My understanding: If we define $\varphi(x)=\neg(x\in x)$, and we apply the schema of separation: $\forall z\exists y\forall x[x\in y\Leftrightarrow (x\in z\land \varphi(x))]$, we should get some contradiction.

Is my understanding correct? Is the proof difficult?

I studied the rudiments of Propositional Logic (incl. Soundness and Completeness), but for FOL I just finished the syntax.

EDIT 1

Ciesielski introduce the Theorem above with the following words: An interesting consequence of the comprehension scheme [meaning the schema of separation as synonym] axiom is the following theorem. Is he wrong?

Answer 1

Here is a formal proof in Fitch:

Answer 2

This is just Russell's paradox.
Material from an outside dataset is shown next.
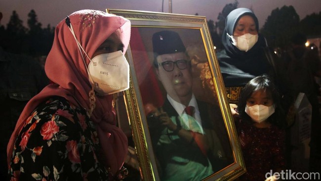 Jakarta - Pemakaman MenPAN-RB Tjahjo Kumolo di TMP Kalibata, Jakarta, turut dihadiri warga. Mereka melepas MenPAN-RB itu ke tempat terakhir.

Suppose there were a set of all sets, $U$. By separation, we get $$R=\{x\in U: x\not\in x\}.$$ Since $U$ contains all sets, we have that the "$\in U$" can be omitted: $$R=\{x: x\not\in x\}.$$ That is, we have

$\forall x(x\in R\iff x\not\in x)$.

But now consider taking $x=R$: we get $R\in R\iff R\not\in R$, which is a contradiction.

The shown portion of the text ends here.